Wednesday, 31 August 2016

teaching - How to motivate students to debug their work independently


For the last few semesters, I have taught a graduate-level course (mixture of Master's and PhD students) that has a very substantial data analysis component in which every assignment involves analyzing data based on what was covered in the prior 1-2 week's worth of lectures. The prerequisite is my university's introductory statistics course, which teaches students basic statistics (t-tests, z-tests, linear regression, etc). We recommend a particular statistical language to use and provide coding suggestions in that language, but students are also free to use whatever they feel most comfortable using.


Increasingly, I am finding that students in the course rely on me to solve every coding error or problem they encounter, and in many cases, the top hit of a Google search for the error/problem suggests more or less what I would have as well.
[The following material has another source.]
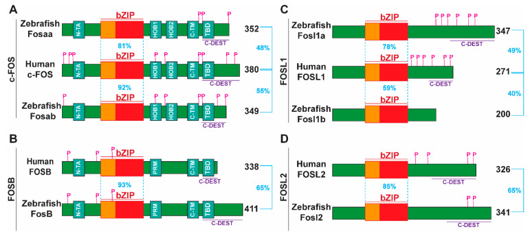Schematic representation of human and zebrafish FOS proteins. Depicted are human and zebrafish sequences related to c-FOS (A), FOSB (B), FOSL1 (C), and FOSL2 (D). Functional regions indicated are the basic leucine zipper (bZIP) including the basic region for DNA interaction (orange box) and leucine zipper for dimerization (red box), N-terminal transactivation domain (N-TA), homology box one and two (HOB1, HOB2), proline-rich motif (PRM), C-terminal transactivation motif (C-TM), transactivation domain (TBD), and destabiliser region (C-DEST). Previously characterised phosphorylation (P) sites curated in the Phosphosite database (phosphosite.org (accessed on 24 July 2022)) are indicated. The percentage identity within the bZIP domain and overall protein are indicated by blue dotted or solid lines and text, with the protein length indicated on the left in black text.

Some students are "repeat offenders" in that even when I show them how to use Google to look for debugging help, they still come to me with Google-able questions.
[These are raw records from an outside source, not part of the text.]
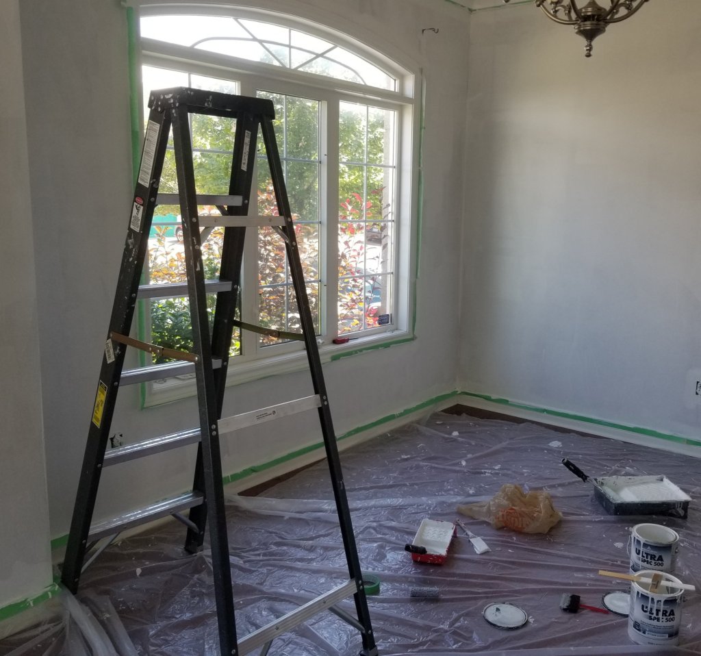 So for now Rachel is trying to make the best of a pretty shitty situation by creating her own oasis in our living room and claiming it as her new workspace and art studio, starting by adding a fresh coat of paint to the walls.
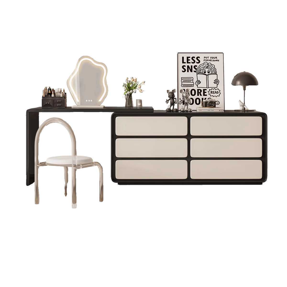 佐尔适中古风法式梳妆台实木卧室现代简约斗柜一体复古转角化妆桌
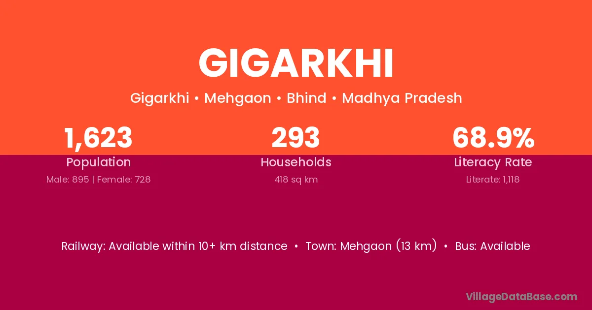 Mehgaon (13 km) is the nearest town to Gigarkhi village for major economic activities and is located approximately 13 km away.

I want to be sympathetic to students who may not have much statistical computing experience beyond the introductory statistics course we teach, but at the same time, I feel that graduate-level students need to be able to solve these sorts of questions on their own. In my field, you cannot survive without knowing how to write code to analyze data, and part of that is knowing how to debug your code when inevitable errors/bugs arise.


Has anyone run into this sort of issue before, and what, if anything, helped?